(Saved entries)
☆ ☆ ☆ ☆

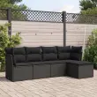 Ta vrtna sedežna garnitura je popoln dodatek za vaše dvorišče, teraso ali verando, saj zagotavlja udoben in vabljiv prostor za klepet z družino in prijatelji ali preprosto za sprostitev in uživanje na prostem. Vzdržljiv material: PE ratan, znan tudi kot poli ratan, je močan sintetični material, ki zahteva malo vzdrževanja in je videti kot naravni ratan. Je lahek, enostaven za čiščenje in se zaradi svoje vzdržljivosti in odpornosti na vremenske vplive pogosto uporablja za zunanje pohištvo.Udobno sedenje: Ta zunanji komplet pohištva z debelo oblazinjenimi blazinami zagotavlja udobno sedenje.Prevleko je mogoče odstraniti in oprati: Te sedežne blazine imajo odstranljive prevleke za lažje pranje in vzdrževanje.Modularna zasnova: Ta komplet zunanjega pohištva ima modularno zasnovo, zaradi česar je popolnoma prilagodljiv in enostaven za premikanje, tako da lahko zunanjo garnituro postavite kakor koli želite. Dobro je vedeti:Če želite, da vaše zunanje pohištvo ostane lepo, vam priporočamo, da ga zaščitite z vodoodporno prevleko.Maksimalna nosilnost (na sedež): 110 kgUV-odpornoPlastične nastavljive nogePotrebno sestavljanje: DaKotni sedež:Barva: ČrnaMaterial: PE ratan, jeklen okvir s prašnim premazomDimenzije: 62 x 62 x 69 cm (Š x G x V)Velikost sedeža: 55 x 55 cm (Š x G)Višina sedeža, merjena od tal: 37 cmSrednji sedež:Barva: ČrnaMaterial: PE ratan, jeklen okvir s prašnim premazomDimenzije: 55 x 62 x 69 cm (Š x G x V)Velikost sedeža: 55 x 55 cm (Š x G)Višina sedeža, merjena od tal: 37 cmVrtni stolček:Barva: ČrnaMaterial: PE ratan, jeklen okvir s prašnim premazomDimenzije: 55 x 55 x 37 cm (Š x G x V)Blazina:Barva: ČrnaMaterial prevleke: Tkanina (100 % poliester)Polnilo sedežne blazine: PenaPolnilo hrbtne blazine: bombažna vlaknaDimenzije sedežne blazine: 55 x 55 x 3 cm (Š x G x D)Dimenzije hrbtne blazine: 55 x 45 x 13 cm (D x Š x D) Paket vsebuje:1 x Vrtni stolček2 x Kotni sedež2 x Sredinski sedež6 x Blazina za hrbet5 x Sedežna blazina s snemljivo pralno prevleko
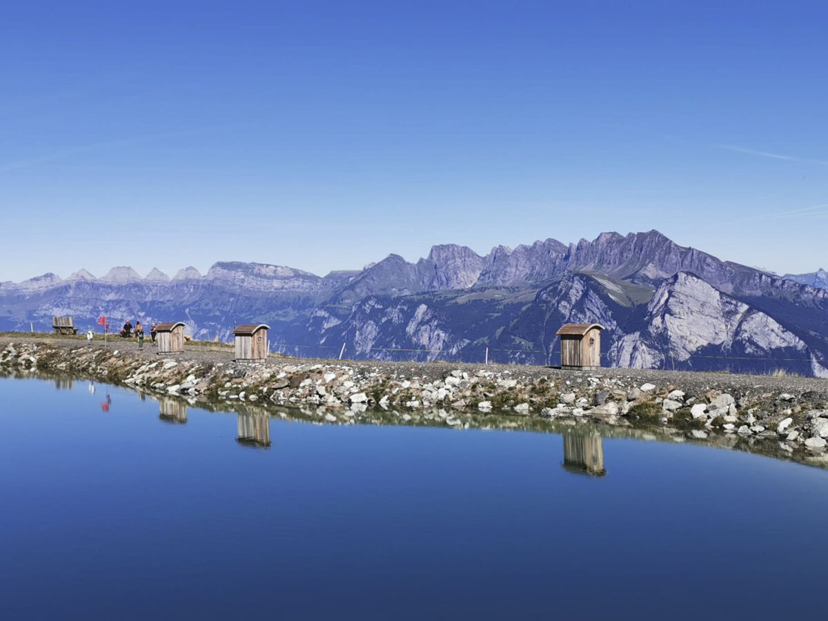 Hier laden die Strandkörbe zum verweilen ein oder wir laufen am See vorbei und dann auf dem Wanderweg bis zur nächsten Weggabelung (Holzwegweiser). Hier nehmen wir den Trail rechts Richtung Tal und dann Richtung Aussichtspunkt Schwarzbüel. Der Ausblick Richtung Churfirsten, Rheintal und Bündner Herrschaft ist überwältigend. Nun laufen wir auf dem Trail zurück Richtung Pardiel. Unterwegs werden wir sicherlich der einen oder anderen Geiss begegnen. In Pardiel nehmen wir die Gondelbahn zurück ins Tal.
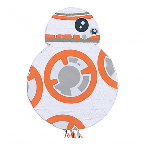 Pinhata da personagem BB8 do Star Wars para colocar doces e pequenos presentes em festas de aniversário com o tema da saga dos Star Wars. Com cerca de 24 fitas para puxar ou também pode bater com o bastão. Poderá comprar o bastão e a venda à parte.
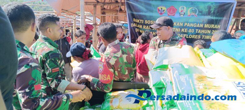 Wulanggitang – Dalam rangka memperingati Hari Ulang Tahun ke-80 Tentara Nasional Indonesia (TNI), Kodim 1624/Flores Timur melalui Koramil 1624-06/Wulanggitang menggelar kegiatan bakti sosial berupa Gerakan Pangan Murah, Senin (15/09/2025).
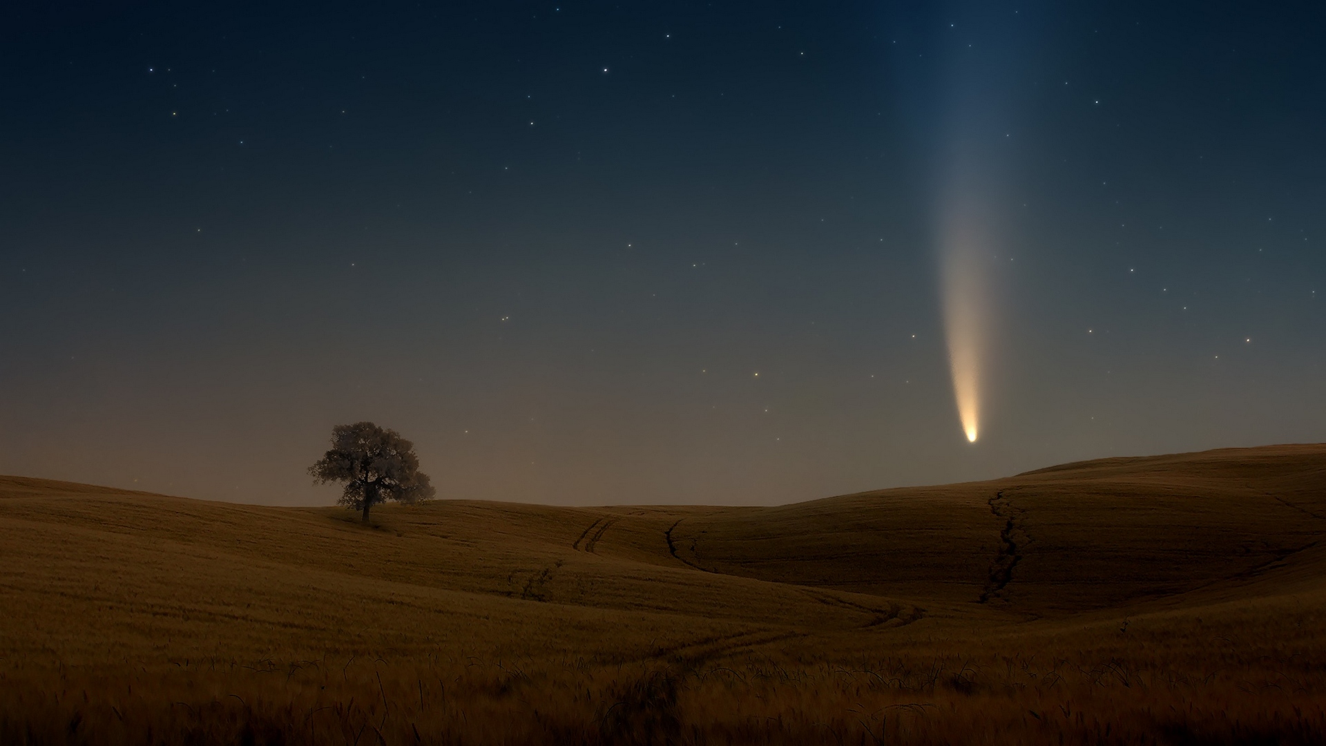 Description: A long exposure of a comet and a tree in a field at night time with a bright light streak.

☆ ☆ ☆ ☆

◆ Task to complete ◆
Exact output of each line above is wanted, without the pictures.

◆ Exercise response ◆
 Ta vrtna sedežna garnitura je popoln dodatek za vaše dvorišče, teraso ali verando, saj zagotavlja udoben in vabljiv prostor za klepet z družino in prijatelji ali preprosto za sprostitev in uživanje na prostem. Vzdržljiv material: PE ratan, znan tudi kot poli ratan, je močan sintetični material, ki zahteva malo vzdrževanja in je videti kot naravni ratan. Je lahek, enostaven za čiščenje in se zaradi svoje vzdržljivosti in odpornosti na vremenske vplive pogosto uporablja za zunanje pohištvo.Udobno sedenje: Ta zunanji komplet pohištva z debelo oblazinjenimi blazinami zagotavlja udobno sedenje.Prevleko je mogoče odstraniti in oprati: Te sedežne blazine imajo odstranljive prevleke za lažje pranje in vzdrževanje.Modularna zasnova: Ta komplet zunanjega pohištva ima modularno zasnovo, zaradi česar je popolnoma prilagodljiv in enostaven za premikanje, tako da lahko zunanjo garnituro postavite kakor koli želite. Dobro je vedeti:Če želite, da vaše zunanje pohištvo ostane lepo, vam priporočamo, da ga zaščitite z vodoodporno prevleko.Maksimalna nosilnost (na sedež): 110 kgUV-odpornoPlastične nastavljive nogePotrebno sestavljanje: DaKotni sedež:Barva: ČrnaMaterial: PE ratan, jeklen okvir s prašnim premazomDimenzije: 62 x 62 x 69 cm (Š x G x V)Velikost sedeža: 55 x 55 cm (Š x G)Višina sedeža, merjena od tal: 37 cmSrednji sedež:Barva: ČrnaMaterial: PE ratan, jeklen okvir s prašnim premazomDimenzije: 55 x 62 x 69 cm (Š x G x V)Velikost sedeža: 55 x 55 cm (Š x G)Višina sedeža, merjena od tal: 37 cmVrtni stolček:Barva: ČrnaMaterial: PE ratan, jeklen okvir s prašnim premazomDimenzije: 55 x 55 x 37 cm (Š x G x V)Blazina:Barva: ČrnaMaterial prevleke: Tkanina (100 % poliester)Polnilo sedežne blazine: PenaPolnilo hrbtne blazine: bombažna vlaknaDimenzije sedežne blazine: 55 x 55 x 3 cm (Š x G x D)Dimenzije hrbtne blazine: 55 x 45 x 13 cm (D x Š x D) Paket vsebuje:1 x Vrtni stolček2 x Kotni sedež2 x Sredinski sedež6 x Blazina za hrbet5 x Sedežna blazina s snemljivo pralno prevleko
 Hier laden die Strandkörbe zum verweilen ein oder wir laufen am See vorbei und dann auf dem Wanderweg bis zur nächsten Weggabelung (Holzwegweiser). Hier nehmen wir den Trail rechts Richtung Tal und dann Richtung Aussichtspunkt Schwarzbüel. Der Ausblick Richtung Churfirsten, Rheintal und Bündner Herrschaft ist überwältigend. Nun laufen wir auf dem Trail zurück Richtung Pardiel. Unterwegs werden wir sicherlich der einen oder anderen Geiss begegnen. In Pardiel nehmen wir die Gondelbahn zurück ins Tal.
 Pinhata da personagem BB8 do Star Wars para colocar doces e pequenos presentes em festas de aniversário com o tema da saga dos Star Wars. Com cerca de 24 fitas para puxar ou também pode bater com o bastão. Poderá comprar o bastão e a venda à parte.
 Wulanggitang – Dalam rangka memperingati Hari Ulang Tahun ke-80 Tentara Nasional Indonesia (TNI), Kodim 1624/Flores Timur melalui Koramil 1624-06/Wulanggitang menggelar kegiatan bakti sosial berupa Gerakan Pangan Murah, Senin (15/09/2025).
 Description: A long exposure of a comet and a tree in a field at night time with a bright light streak.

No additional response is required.